Совсем недавно он опять подал наверх две записки, составленные по желанию и частной просьбе двух весьма высоких адресатов: одну — «О состоянии умов в Санкт-Петербурге», вторую — «Об элементах, подготовляющих политические перевороты в государстве». Его благодарили, туманно обещали, что опытность и проницательность его не останутся без применения, после чего опять наступили молчание и пустота. То всеобщее брожение умов, которым заражена была сейчас столица, доносилось до Липранди гулом и рокотом, напоминающим звуки моря, как они чудятся списанному на берег моряку. Но никто, никто не решался взять снова на борт государственной ладьи человека, который единственный, должно быть, сейчас ощущал в себе полную способность разобраться в дарящем хаосе. Сперва ему до головокружения страшным показалось созвучие его собственного мировоззрения с тем, что писала эмигрантская печать. Но потом он привык, успокоился, объяснил себе, что созвучие это кажущееся, просто средства оздоровить страну видят они — и отщепенцы и Липранди — почти одинаково. Например, про царствование Николая в «Полярной звезде» очень справедливо писалось: «Окруженный доносчиками, двумя-тремя полициями, он знал всякое либеральное четверостишие, писанное каким-нибудь студентом, всякий неосторожный тост, произнесенный каким-нибудь молодым человеком, но не имел средства узнать истину, добраться до правды во всем остальном». Вполне, вполне справедливо.
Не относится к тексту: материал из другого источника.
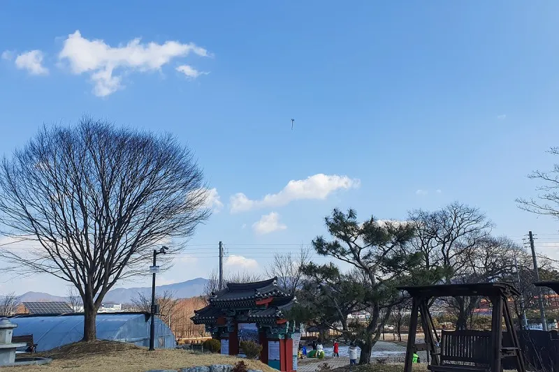두레관 앞에는 넓은 잔디마당이 있는데 이곳에서 연날리기도 할 수 있어요.

Даже о количестве бесполезных полиций. Не хватало просто еще одной, и Липранди точно знал, какой именно, чтобы царь все же знал истину. Из того же второго номера «Полярной звезды», из статьи «Русские вопросы», подписанной псевдонимом «Р. Ч.», что означало, должно быть, «Русский человек», он даже выписал для себя понравившийся ему абзац. В статье этой выражалась уверенность, что скоро новый император непременно освободит крестьян. Безымянный «Р. Ч.» писал, что их «нельзя не освободить, не подвергнув государство финансовому разорению, или дикой пугачевщине, или тому и другому разом». А вот дальнейшее, что писалось, чрезвычайно понравилось Липранди:

«Страшно мне за тебя, моя Россия! Юное правительство, как бы ни было благонамеренно, окружено людьми старыми, для которых личные выгоды значат государственный порядок… Да, если за вопрос освобождения возьмутся люди николаевского периода, они решат его скверно, не беспокоясь о последствиях, решат его со свойственным им корыстолюбием, лицемерием и ловкостью квартального надзирателя, в пользу государственных воров — и только! Для нового вина надо мехи новые: старая истина!»

Безусловно, был согласен с этим Липранди: необходимо, крайне необходимо переменить продажных и трусливых холопов. Что же касается чисто возрастного критерия, то здесь автор просто увлекся, разумеется. Разве в возрасте, в летах дело? Мировоззрение, энергия и преданность службе — вот он, один-единственный настоящий критерий. Действующий пока совершенно наоборот — именно полезным людям заграждающий дорогу к службе. Освобождение крестьян? Разумеется, это назревший вопрос. Только никакой самый глубокий и всесторонний проект не заменит совокупности тех сведений, которые принесли бы наверх, обусловив безупречное созвучие реальности этому проекту, люди, воспитанные по идее Липранди, незримые глаза и уши правительства, до последнего дна проникающие щупальца всеведущей власти. Правильно пишет автор этой лондонской статьи: всюду грабят и воруют нещадно, подкупы и взятки разъедают души и учреждения. А над честными — смеются в глаза, называют их то либералами, то недоумками. Тут, конечно, перегибает автор, он считает, что гласность исправит все это на корню, и чертит пренаивно свои рецепты: «Позвольте наконец честным людям, без опасения заточения и ссылки, изобличать изустно и печатно все административные и служебные мошенничества и всех административных и судебных мошенников». Ах ты, святая простота! Да ведь с ними жить потом! Ну изобличишь, а завтра? Что от тебя останется завтра, изобличитель? Нет и еще раз нет. Изобличать следует непременно, только людям, кои так в безвестности и останутся.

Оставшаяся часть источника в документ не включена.